I remember running out of the apartment with Cathy and a handful of quarters, headed to the payphone. I was driven to call a few others that we had grown up with, Brian, Chris, and a couple of others to let them know he was gone. Someone had to besides these asshole cops.

I have no idea how long I was awake that night. Or when I went home, or when I slept. Nothing. The moments right before Cathy and I left Genes, the moments after I arrived there, right up until I went to the phone. The rest is pretty black and empty.

I wont ever forget the dream I had when I finally slept either. I dreamed of a hazy area of the street, weird that it was on Wonju Street or near the exit there at Colonial Avenue. Because at that time I had very little idea where he had actually wrecked besides Interstate 581. But in my dream I was walking up Wonju in the haze. And I approached Steve who was standing there in one of his old black t-shirts. Smoking a cigarette in the way that I only seen him do. Hand cupped under, kinda weird I guess you would have to see it. But he was smiling at me. That same wiley grin he gave me that night I read those cards. I can still grab that picture from my brain. If I was a good artist I could paint it and Im betting it would look exactly how that street down there below I-581 looks like. Wonju. He didnt speak and neither did I. And then I was lurched out of the dream.

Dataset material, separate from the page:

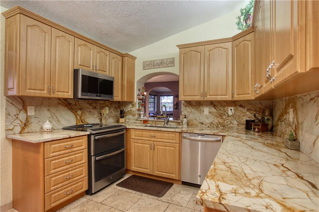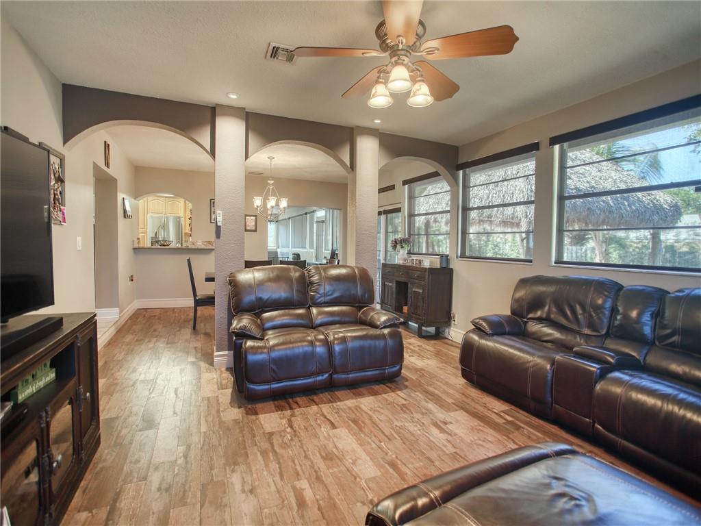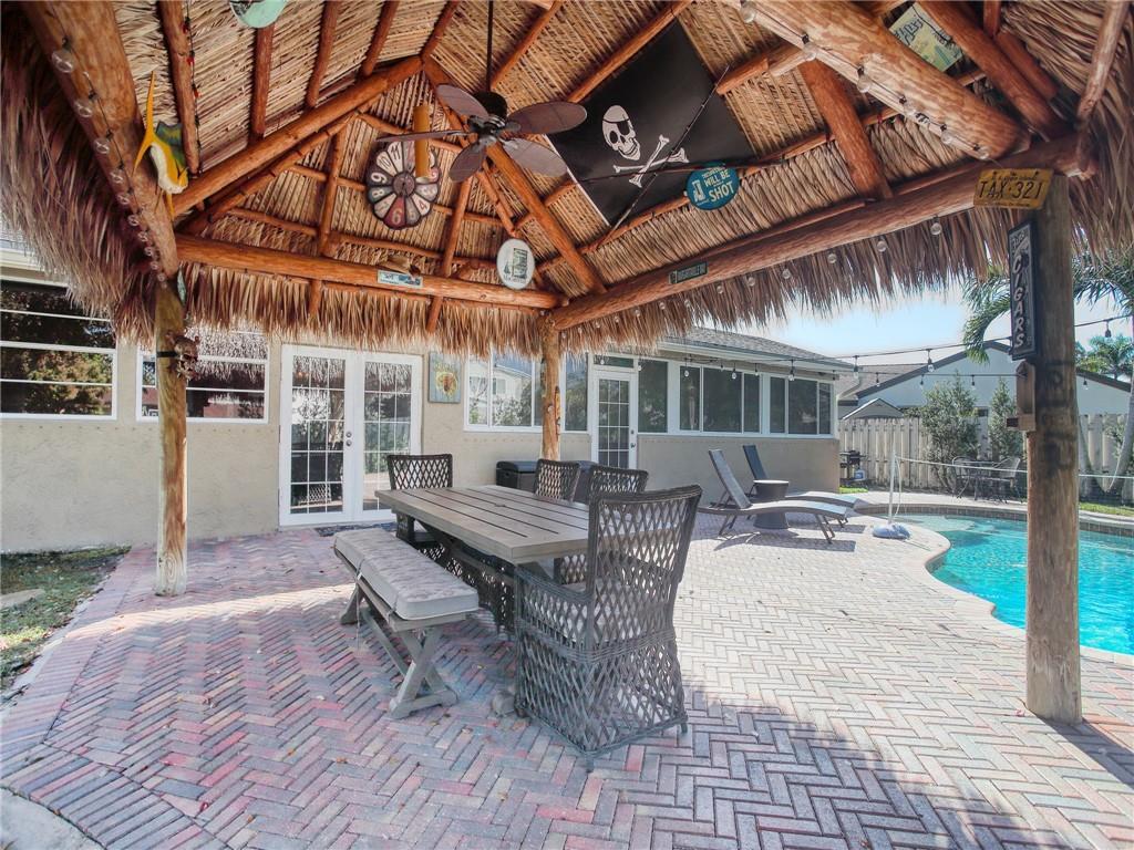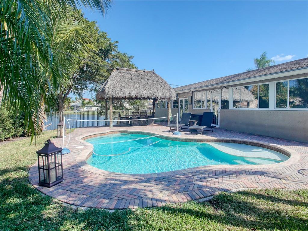 Paradise awaits!! Kick back and relax by your swimming pool & enjoy family time under your own TIKI HUT with big screen TV and gorgeous views of the sparkling lake. Kitchen features exotic granite, stainless steel appliances, & plenty of cabinets. With spacious separate living & family rooms, this home is perfect for entertaining. Split bedroom layout with double door entry into the Owner's Suite, walk in closet and double sinks in bathroom, and both bathrooms have been updated with granite and tile. Expanded versatile living area spanning the entire back of the home can be used as an office, playroom, or whatever your family desires. All tile & NO Carpet! Cul de Sac lot in desirable Shenandoah Community with low HOA fees & A-Rated schools! This home has it all!

"And Im lost, behind. The words Ill never find. And Im left. Behind. As the seasons roll on by"

What was in the cards?

A brief note on those cards that I used to read to Steve that night. The next morning when I got home I put them immediately into a "treasure chest" that I had since I was a kid. It actually is shaped and looks like a generic old pirate chest and its where I kept mementos of things. Life and death, good and bad. I tucked those cards in there and never touched them. About 2 years after Steve died I bought a new box with an ancient Egyptian type lock on it. I dumped the contents of that pirate chest into the new Egyptian lock box. I quickly locked the little latch key, twisted my key into it to drive it shut, and didnt once open it again.... until last week.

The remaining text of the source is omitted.